As one source close to Jerry Sandusky told The Daily Beast: “Had it been a woman who had walked in on that boy in the shower, I can guarantee it would not have resulted in anything other than a 911 call.”
“There’s a gender element to everything,” says Andrew Shubin, a central Pennsylvania civil-rights attorney who is representing a number of the victims. He notes that, even in an opposite situation—had somebody said they walked in on Sandusky raping a young girl, instead of a boy—“it might have been an easier thing to understand.”
There are other questions, too: Might the victims have been more willing to come forward had they been female, where, some might say, the idea of talking about a rape is less taboo?

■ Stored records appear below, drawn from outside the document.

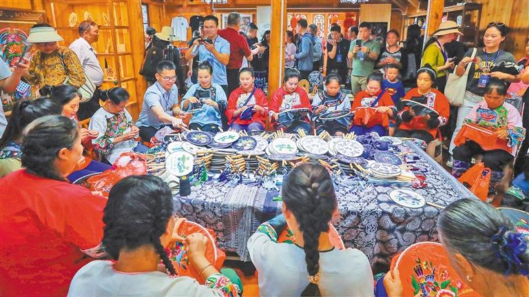 在十八洞村苗绣乡村振兴示范基地,游客观看并体验苗绣制作。宋显金摄(中经视觉) 万物蛰伏的冬日,孕育春的希望。武陵山脉深处,湖南省湘西土家族苗族自治州花垣县十八洞村——这个225户、900多人的苗族村,提前迎来了春天。 2013年11月3日,习近平总书记来到这里,首次提出“实事求是、因地制宜、分类指导、精准扶贫”重要理念。大政出于小村,小村洞见时代。历经8年攻坚、5年巩固,全国近1亿人稳定脱贫。十八洞村减贫经验,也飞出湘西,走向世界,成为世人了解中国减贫事业的一扇窗。 在巩固拓展脱贫攻坚成果同乡村振兴有效衔接5年过渡期的收官之年,经济日报调研组走进十八洞村。 牵 念 一大早,石拔三老人就梳洗完毕,身着苗服,立在门口,望着十八洞村梨子寨寨口的路。 当年,习近平总书记走进这个湘西大山深处的苗寨,在坑坑洼洼的院坝上与乡亲们围坐畅谈,首次提出“精准扶贫”的重要理念。 石拔三家在村口,成为总书记踏访的第一户人家。老人回忆道:“那时,家里没有电视机,我又不会说汉话,全靠村支书翻译。第一次见到总书记,感到既亲切又暖心,脱口而出一句‘怎么称呼您’,没想到总书记回答‘我是人民的勤务员’。”尽管已无数次回忆当日的情景,石拔三的眼眶还是湿润起来。 曾经的十八洞村,是武陵山连片特困地区的一个深度贫困村。村民们忆当年,那是“三沟两岔山旮旯,红薯洋芋苞谷粑;要想吃顿大米饭,除非生病有娃娃”。抬头是山,低头是沟,乡亲们在人均耕地只有0.83亩的薄地里刨食,真是“没有产业口袋空,没有老婆家庭空,没有人气寨子空,没有精神脑袋空”。 2017年,村子整体脱贫,136户533人全摘了穷帽; 2024年人均收入涨到28223元,是2013年的16倍多。如今的十八洞村,发展有思路,出寨有大路,致富有门路,上网有网路,成为全国闻名的红色旅游景点。 沉寂的苗寨热闹起来,在外打工的人回来了,毕业的大学生返乡了,外面的客人进来了……山门打开,乡亲们心情从未如此敞亮,日子从未如此有奔头。 此前连汽车都没坐过的石拔三,在家门口的边城机场坐上飞机,去了北京。每每有游客问起,她都会连比带划地说:“7次了,去北京,坐飞机。看到了蓝天白云,看到了天安门。家里还买了大彩电,看新闻,总书记的画面一出现,我就放下手里的活儿,好好看看他、听听他在讲什么。” 石拔三家门口贴着一副对联,上联是“吃水不忘挖井人”,下联是“世代不忘总书记”,横批是“饮水思源”。老人紧紧拉住记者的手说:“你们是北京来的,能不能转告总书记,感谢他,乡亲们很想他。” 像石拔三一样把浓浓的思念刻在对联上的,还有退休教师杨东仕。那天,他刚打开家门准备外出,抬头就看到总书记从对面走来。杨东仕立在原地,一时不知道说什么好。总书记主动走上前,与他亲切握手交谈。 “更巧的是,那天我爱人也参加了院坝上的座谈会,她也跟总书记握了手,我们家实在是太幸福了!当晚我激动难眠,第二天一早便写下了这副对联——‘习主席握手温暖人心,共产党领导福泽万代’,横批是‘幸福人家’。”杨东仕的脸上幸福满溢。 “苗寨脱贫感党恩,家和人勤传孝亲”“精准扶贫春已到,芳菲盛举正当时”……村里人家门口的一副副对联,记录着十八洞村翻天覆地的变化,寄托着乡亲们对美好生活的期待、对人民领袖的质朴牵念。 兴 产 治穷,要拔根;拔穷根,就要有产业。 十八洞村跌跌撞撞、磕磕碰碰,最终找到了一条兴产富民的路子。 “2024年,我们分红77万元,2025年我们分红100万元!”说到分红,第二十届中央候补委员,十八洞村党支部书记、村委会主任施金通声音洪亮。在精准扶贫主题陈列馆前,997名村民人均领到了1000元的大红包。 有红包,是因为有产业。红色,是新时代十八洞村最鲜亮的底色,也是发展旅游的金字招牌。如今,这个小山村荣誉等身,全国和美乡村百佳范例、联合国世界旅游组织认定的最佳旅游乡村…… 但发展旅游,也踩过坑。十八洞村出了名,一时间涌入许多游客,不少问题也随之暴露。你卖啥我卖啥,商品严重同质化;摊位乱占乱摆,停车难堵车多秩序乱;环境不尽如人意,经营理念也落后,有的人是能宰一笔是一笔。 怎么办?必须规范升级、打造口碑,否则没人愿意来。花垣县驻十八洞村扶贫工作队与村委会商量,决定引进社会资本,以“鲇鱼效应”倒逼大家好好干。 质疑声随之而来——“这不是肥水流入外人田?”“村集体办餐厅不是与民争利吗?”…… 顶住压力说服村民,村委会坚定推进旅游升级。提升村容村貌,民居修缮,修旧如旧;牲畜禁养,消除异味;摊位集中管理,谁经营谁负责;改善旅游体验,村级游客服务中心、千米游步道等先后建成。全新亮相的十八洞村,颜值与名气更匹配,2024年接待游客88.7万人次,旅游收入2198.8万元,成为村集体经济收入和村民增收的主力。 与红色文旅一同火起来的,还有苗绣。 在十八洞村苗绣乡村振兴示范基地,绣娘石春英拢了拢衣角,笑着朝来客招手:“欢迎看看苗绣,都是我们亲手绣的。”货架上50多款上千件绣品,她如数家珍。 早些年,为了过得好点,她背着行李走南闯北,没文化没手艺,脏活累活都得接。外出打工那些年,她把孩子丢给老人,一年到头难回一次家。过完春节,只能悄悄出发,听到身后传来孩子撕心裂肺的哭声,心如刀绞却不敢回头。 2018年,十八洞村启动苗绣“让妈妈回家”计划。在
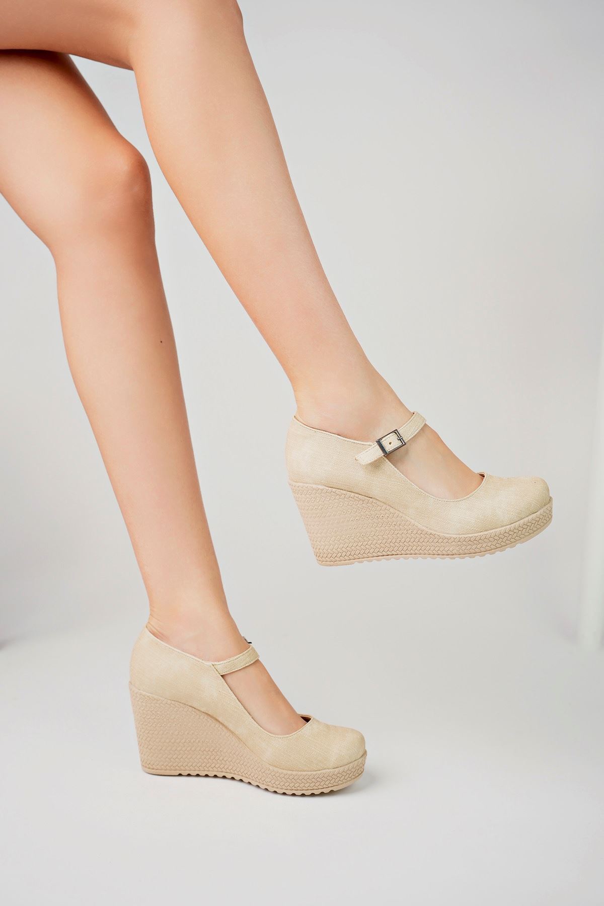 Dolgu Taban Bilekten Tokalı Vizon İRM Kot Ayakkabı Dolgu Taban Bilekten Tokalı Vizon İRM Kot Ayakkabı OSFA27GA 40
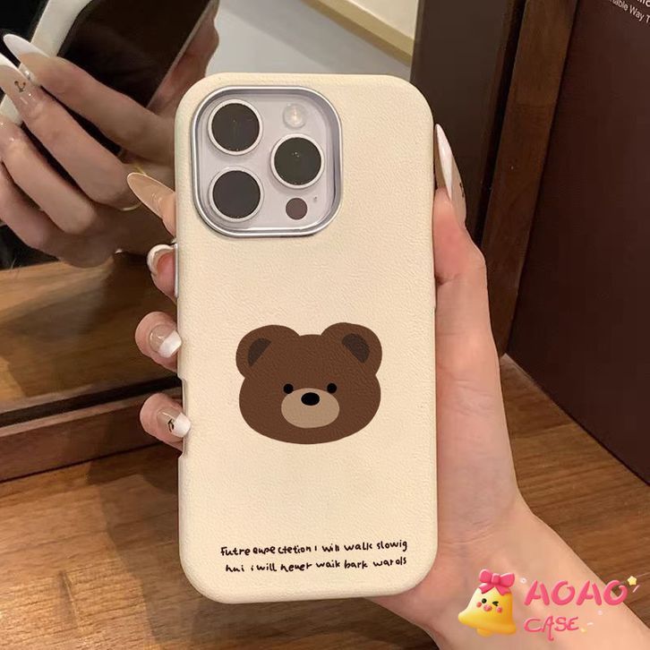 Case HP Untuk IPhone 15 11 12 13 14 Pro Max 7Plus XR 7 8 6 6S 15 14 Plus X XS Max Kartun Lucu Sederhana Kulit Beruang
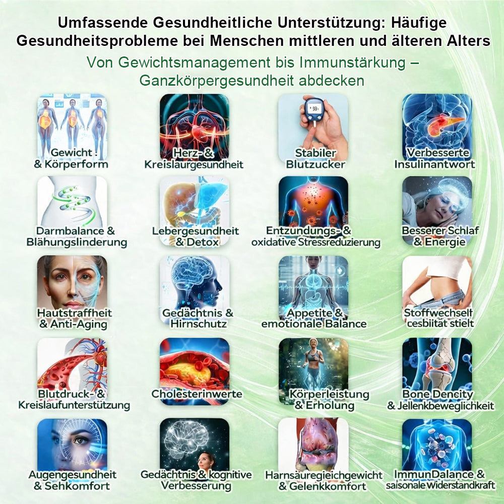 Vorteile: Unterstützt effektive Gewichtsreduktion und Appetitregulation, stabilisiert den Blutzuckerspiegel, fördert die Herz-Kreislauf-Gesundheit, reduziert chronische niedriggradige Entzündungen und hilft, durch Stoffwechselbedingte Müdigkeit zu lindern.
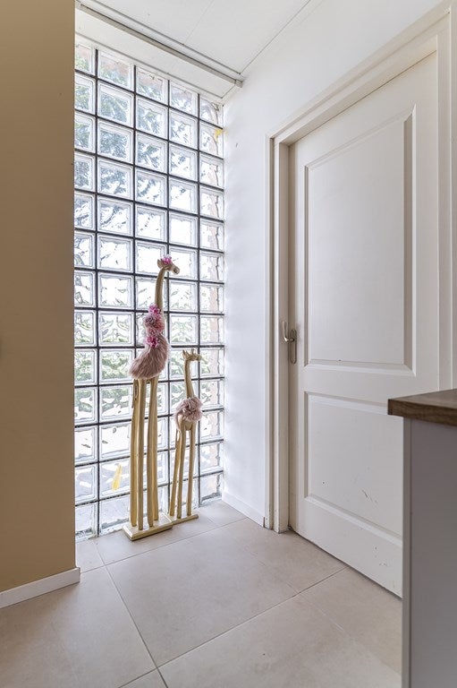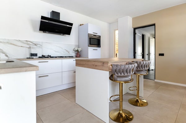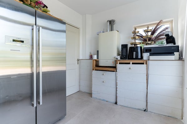 Via de hal bereikt u het vernieuwde toilet (2023), de woonkeuken en woonkamer. De moderne keuken is recent vernieuwd en voorzien van diverse inbouwapparatuur. Aansluitend bevindt zich een praktische bijkeuken met witgoedaansluitingen en cv-installatie (2002), welke vervangen dient te worden.
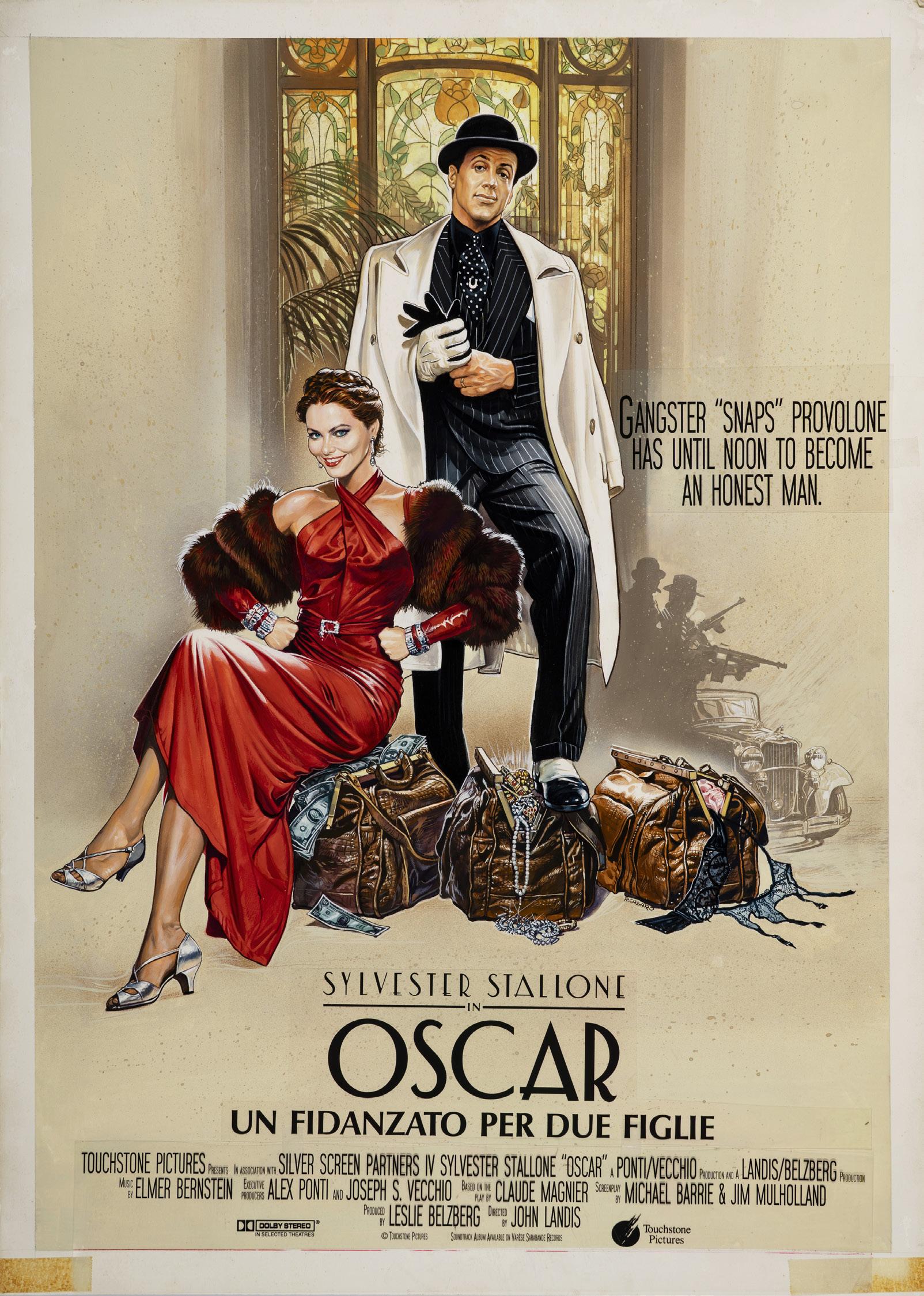 Bozzetto originale realizzato da Casaro per la locandina ufficiale del film “Oscar - Un fidanzato per due figlie” diretto da John Landis con Sylvester Stallone, Kirk Douglas e Ornella Muti nel 1991. Firmato.
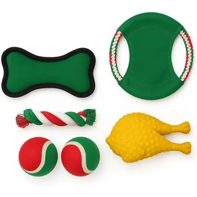 Dog Pack of 5 Interactive Christmas Pet Chew Toy Squeak Honking Toys Santa Ginger Ball & Rope Xmas Puppies Doggy Gift (Pack 6 Green)
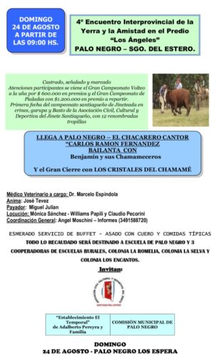 Además de las actividades centrales, habrá servicio de buffet completo, con asado con cuero y comidas típicas para que los asistentes disfruten de una experiencia gastronómica inigualable. Toda la recaudación de la jornada será destinada a la Escuela de Palo Negro y tres cooperadoras de escuelas rurales, beneficiando a las comunidades de La Romelia, Colonia La Selva y Colonia Los Encantos. El evento cuenta con el respaldo del «Establecimiento El Temporal» de Adalberto Pereyra y Familia, y la Comisión Municipal de Palo Negro.
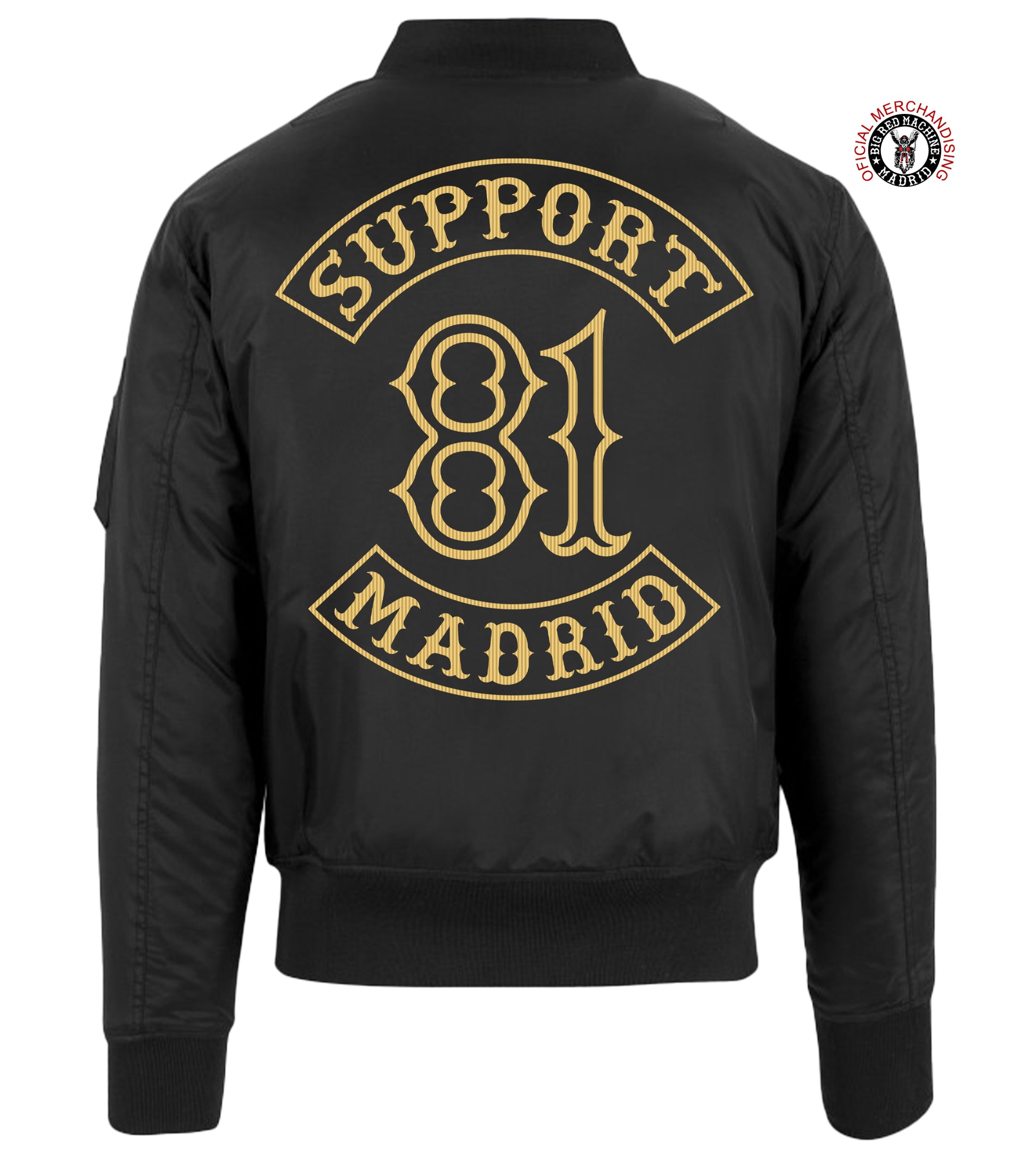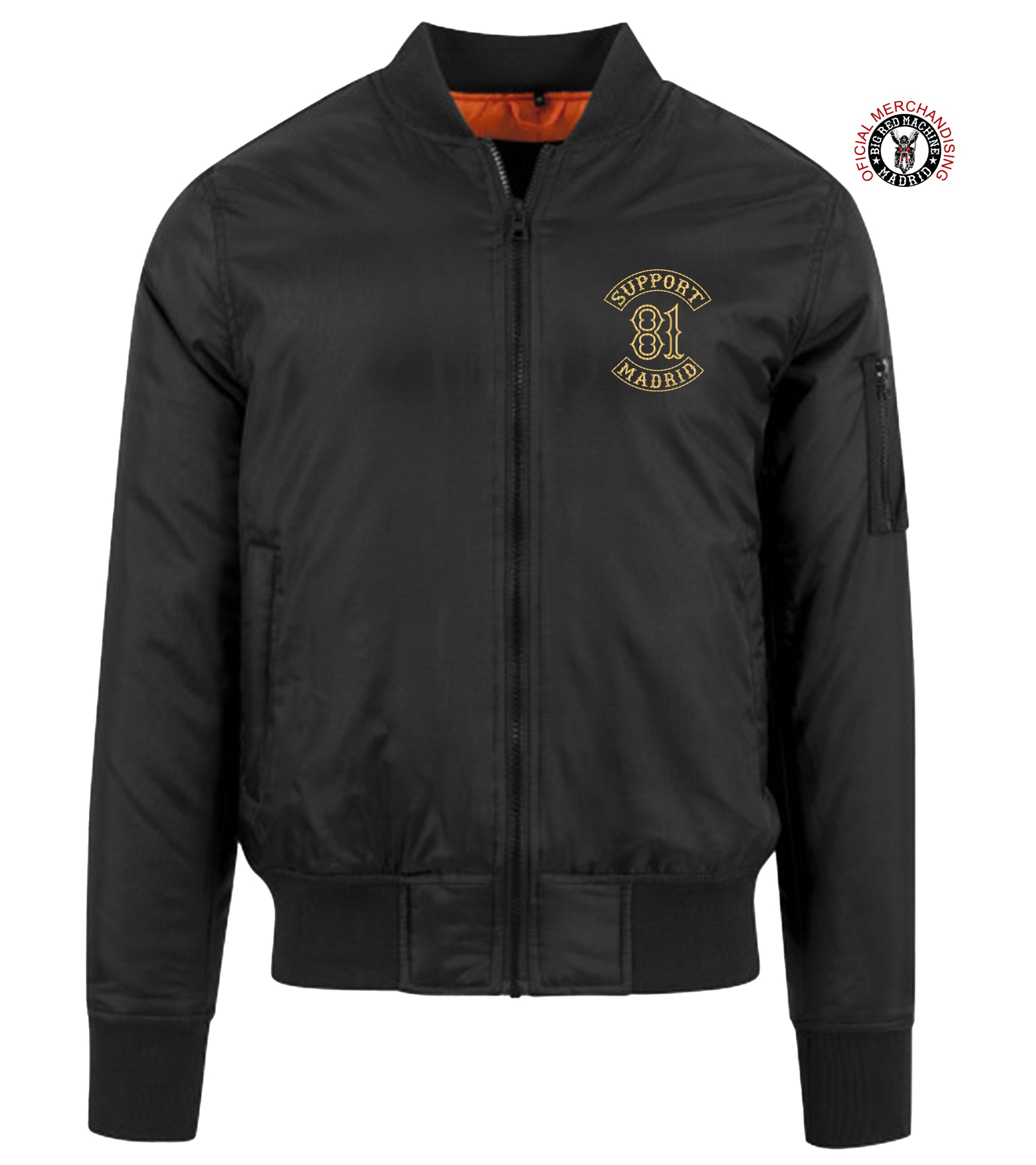 Cada chaqueta está cuidadosamente bordada con puntadas de alta densidad para garantizar un color duradero y una larga duración. El bordado oro champagne de Support 81 resalta con fuerza sobre el fondo negro intenso para una apariencia impactante. Aparte el interior de la bomber es naranjo y el bordado no se va a ver ya como es bordado fuera del foro.

Had this not been football, where pats on the ass and lurid locker-room talk are routine—yet to be “gay” is roundly condemned—might these boys have recognized the abuse earlier? (As Naomi Mezey, a Georgetown law professor who studies cultural identity, puts it, “Sports is one of those places where male physicality with each other is allowable, yet is simultaneously deeply homophobic.”) And, lastly, would this horrifying narrative have turned out any differently had the culture surrounding it not been so chauvinistic?
“I don’t think we are going to see women coaches raping 10-year-olds any time soon, and if one did, I think she would be out on her ear in no time,” says journalist Katha Pollitt, a columnist at The Nation. “And female students leading a riot in defense of child molesters? I doubt it. This whole thing is just patriarchal from top to bottom.”
Whether or not we agree, it’s easy to make the argument that close-knit, insular groups of men have been known to do bad things (think: the Catholic Church). Studies show that dissenting voices are crucial to countering group think—especially in realms where pledging allegiance to a hierarchy are the norm. In the business world, companies with equal numbers of men and women on their boards are more successful. We’ll probably never know if that would be the case in football.
It is, however, well known among State College community members that Penn State’s athletic department is about as insular as they come: powerful, fraternal, and—until recently—seemingly untouchable. Like the Catholic Church, Penn State football was based on ritual and worship, loyalty and power. Joe Paterno was its God, blue and white its collective uniform. Simply having a woman in the room does not, of course, shield an institution from corruption, misogyny, or violence—but it might present a different perspective. As Nicole Rodgers in The American Prospect put it this week, is there something distinctly male about the type of behavior that allows one to prioritize loyalty to powerful institutions and friends over protecting children?
“Any institution where there’s no women around—like the Church, like football, like the Middle East, like fraternities—things go to shit,” Bill Maher declared on his HBO show last week, among a panel of all men. He later reiterated the stance among the ladies of The View. “When men are just among men, they do stupid things.”